• What the exercise asks: No pictures belong in the copy. Set down exactly the lines from the one that contains "People change their" through the end of the data.

• Stored data:
--

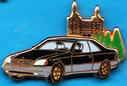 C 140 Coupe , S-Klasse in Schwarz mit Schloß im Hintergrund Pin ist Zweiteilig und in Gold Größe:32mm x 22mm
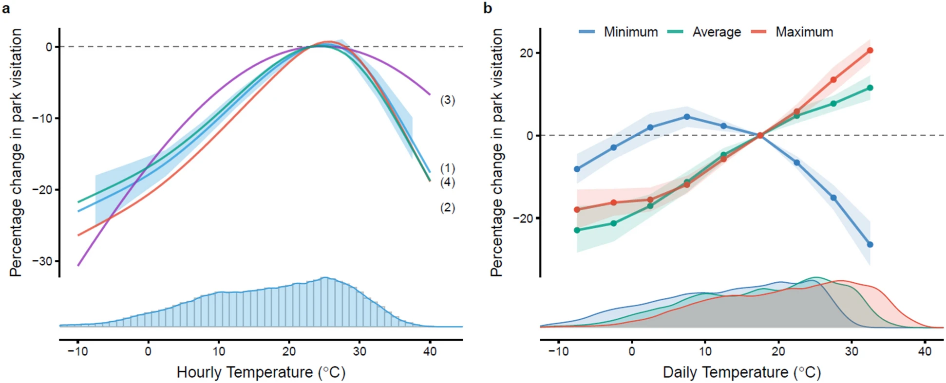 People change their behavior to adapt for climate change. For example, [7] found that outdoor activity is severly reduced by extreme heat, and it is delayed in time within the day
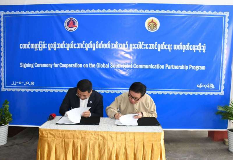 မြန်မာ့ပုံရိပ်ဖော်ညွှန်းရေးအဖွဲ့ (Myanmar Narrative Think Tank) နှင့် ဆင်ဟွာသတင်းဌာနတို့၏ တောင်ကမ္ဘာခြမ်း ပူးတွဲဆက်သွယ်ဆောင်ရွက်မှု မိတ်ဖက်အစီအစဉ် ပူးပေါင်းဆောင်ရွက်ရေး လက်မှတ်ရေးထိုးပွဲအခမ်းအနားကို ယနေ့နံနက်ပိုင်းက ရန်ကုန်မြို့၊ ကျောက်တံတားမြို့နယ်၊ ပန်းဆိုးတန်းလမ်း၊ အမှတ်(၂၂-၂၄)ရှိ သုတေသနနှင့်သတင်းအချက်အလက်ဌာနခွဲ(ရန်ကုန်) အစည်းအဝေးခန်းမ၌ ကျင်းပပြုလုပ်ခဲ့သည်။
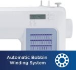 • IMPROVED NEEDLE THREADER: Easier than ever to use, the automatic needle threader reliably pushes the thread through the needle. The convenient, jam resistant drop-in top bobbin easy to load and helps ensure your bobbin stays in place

--

• Solution for this problem:
 People change their behavior to adapt for climate change. For example, [7] found that outdoor activity is severly reduced by extreme heat, and it is delayed in time within the day
 မြန်မာ့ပုံရိပ်ဖော်ညွှန်းရေးအဖွဲ့ (Myanmar Narrative Think Tank) နှင့် ဆင်ဟွာသတင်းဌာနတို့၏ တောင်ကမ္ဘာခြမ်း ပူးတွဲဆက်သွယ်ဆောင်ရွက်မှု မိတ်ဖက်အစီအစဉ် ပူးပေါင်းဆောင်ရွက်ရေး လက်မှတ်ရေးထိုးပွဲအခမ်းအနားကို ယနေ့နံနက်ပိုင်းက ရန်ကုန်မြို့၊ ကျောက်တံတားမြို့နယ်၊ ပန်းဆိုးတန်းလမ်း၊ အမှတ်(၂၂-၂၄)ရှိ သုတေသနနှင့်သတင်းအချက်အလက်ဌာနခွဲ(ရန်ကုန်) အစည်းအဝေးခန်းမ၌ ကျင်းပပြုလုပ်ခဲ့သည်။
 • IMPROVED NEEDLE THREADER: Easier than ever to use, the automatic needle threader reliably pushes the thread through the needle. The convenient, jam resistant drop-in top bobbin easy to load and helps ensure your bobbin stays in place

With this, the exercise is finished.